There is an admission fee for the gardens. The nearest combined rail and London Underground station is Kew Gardens station (District Line and Silverlink) to the north of the gardens, within easy walking distance.

Pagoda

In one of the wildernesses of Kew Gardens stands the Great Pagoda, erected in the year 1762, from a design in imitation of the Chinese Taa. The base is a regular octagon, 49 feet in diameter; and the superstructure is likewise a regular octagon on its plan, and in its elevation composed of 10 prisms, which form the 10 different stories of the building. The lowest of these is 26 feet in diameter, exclusive of the portico which surrounds it, and 18 feet high; the second is 25 feet in diameter, and 17 feet high; and all the rest diminish in diameter and height, in the same arithmetical proportion, to the ninth storey, which is 18 feet in diameter and 10 feet high. The tenth storey is 17 feet in diameter, and, with the covering, 20 feet high, and the finishing on the top is 17 feet high; so that the whole structure, from the base to the top of the fleuron, is 163 feet. Each storey finishes with a projecting roof, after the Chinese manner, covered with plates of varnished iron of different colours, and round each of them is a gallery enclosed with a rail. All the angles of the roof are adorned with large dragons, eighty in number, covered with a kind of thin glass of various colours, which produces a most dazzling reflection; and the whole ornament at the top is double gilt. The walls of the building are composed of very hard bricks; the outside of well-coloured and well-matched greystocks, (bricks,) neatly laid. The staircase is in the centre of the building. The prospect opens as you advance in height; and from the top a very extensive view on all sides is commanded, and, in some directions, upwards of forty miles distant, over a rich and variegated country. The building is not open to the public because it is not safe by modern standards.

Museums and gallery

Near to the Palm House is a building known as "Museum No. 1" which was designed by Decimus Burton and opened in 1857. Its aim was to illustrate mankind's dependence on plants, and it housed the Kew's economic botany collections including tools, ornaments, clothing, food and medicines. The building was refurbished in 1998. The upper two floors are now an education centre and the ground floor houses the "Plants+People" exhibition which highlight the variety of plants around the world and the diverse ways that people use them.

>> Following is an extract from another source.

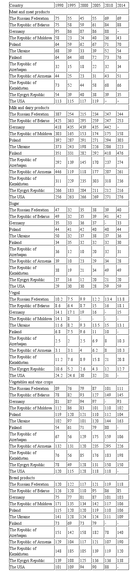 A comparative analysis of the basic food consumption per capita per year in Russia and abroad has allowed us to identify the countries with the maximum and minimum consumption by the main product groups for the period of 1990-2014 (Table 1).
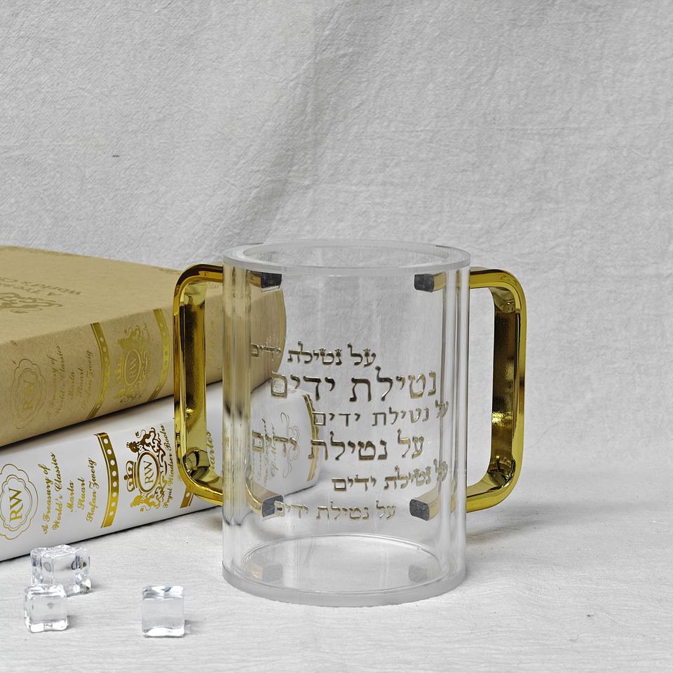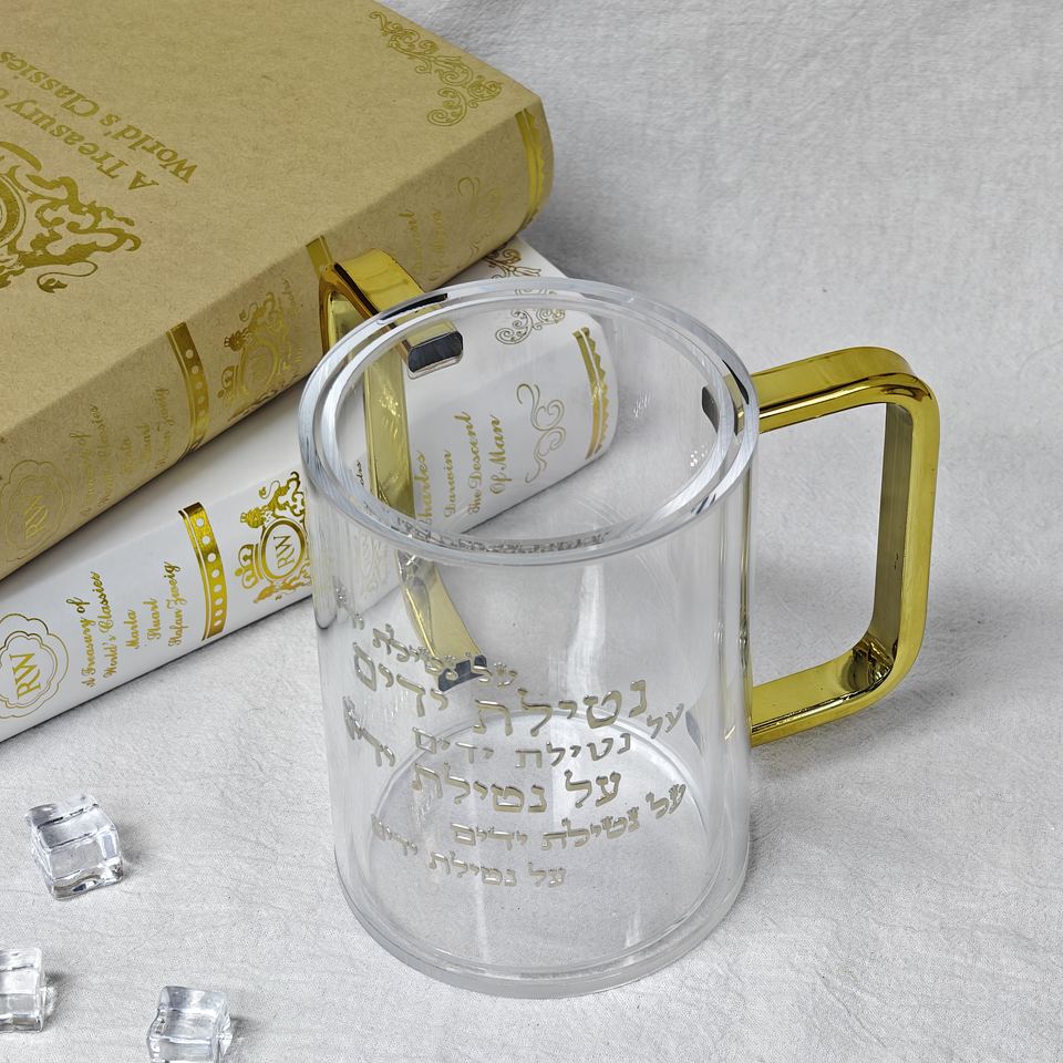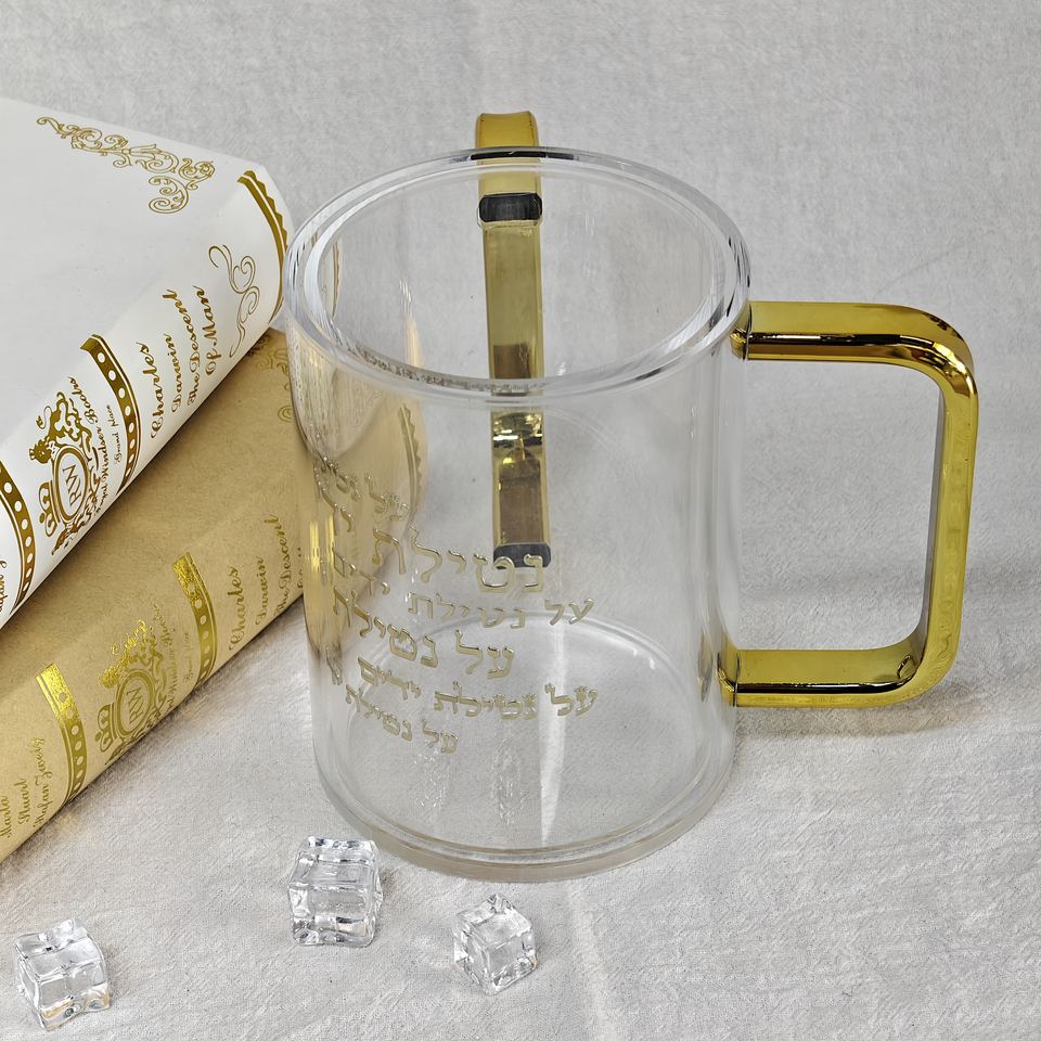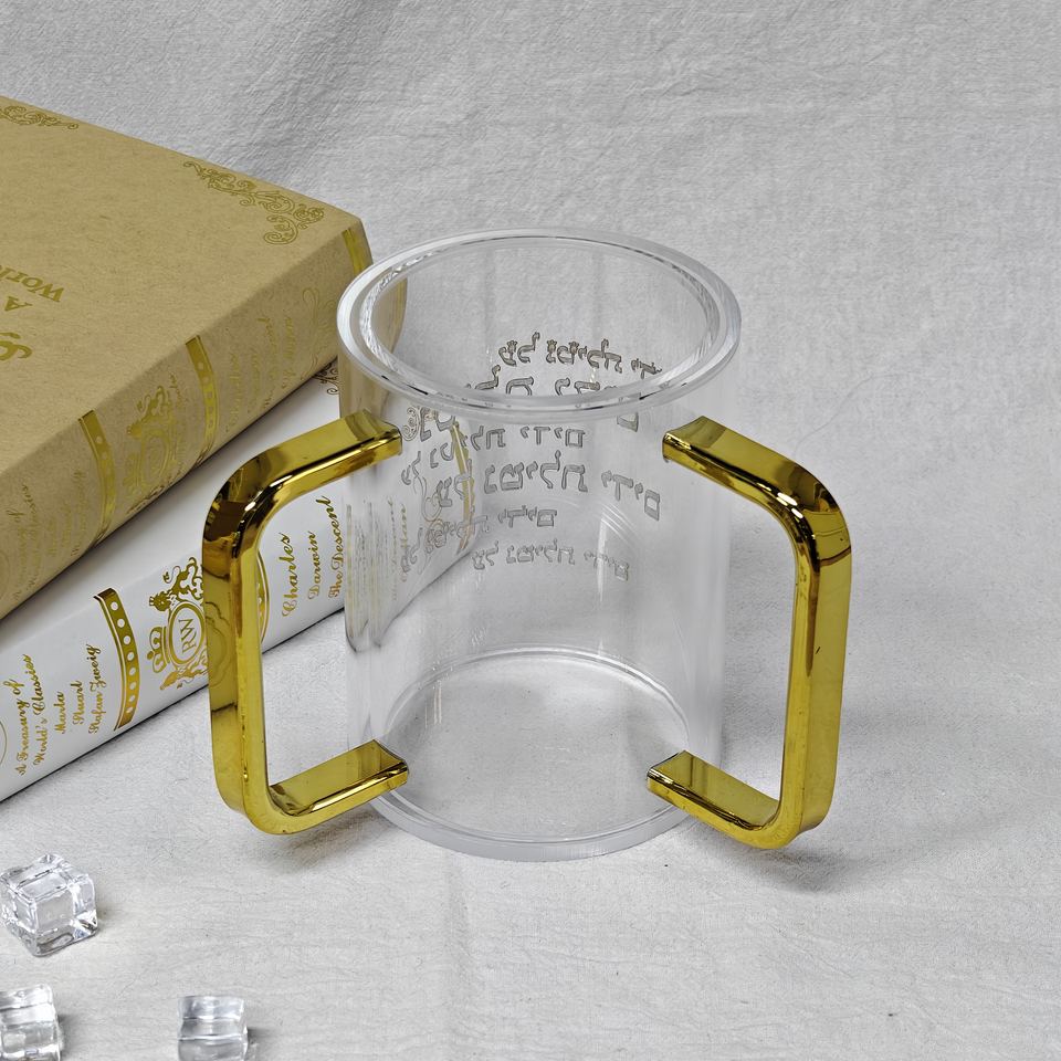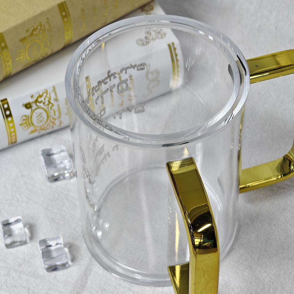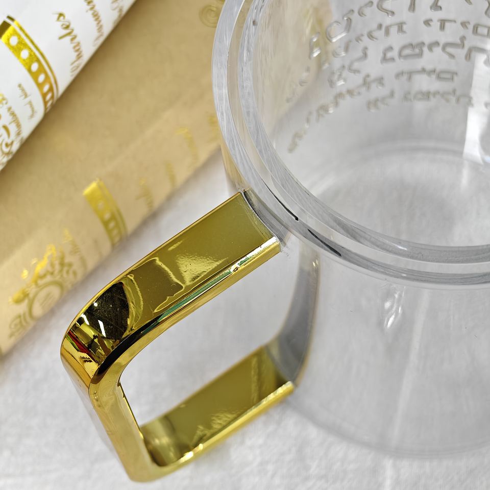 แก้วใสอะคริลิคแบบโคเชอร์สำหรับซักผ้า พร้อมหูจับสีทอง แบบสั่งทำพิเศษ

The Marianne North Gallery was purpose built in the 1880s to house the paintings of Marianne North, an MP's daughter who travelled to North and South America and many parts of Asia to paint plants. There are 832 paintings,.

As a result of the Japan 2001 festival, Kew acquired a Japanese wooden house called a minka. It was originally erected in around 1900 in a suburb of Okazaki. Japanese craftsmen reassembled the framework and British builders who had worked on the Globe Theatre added the mud wall panels.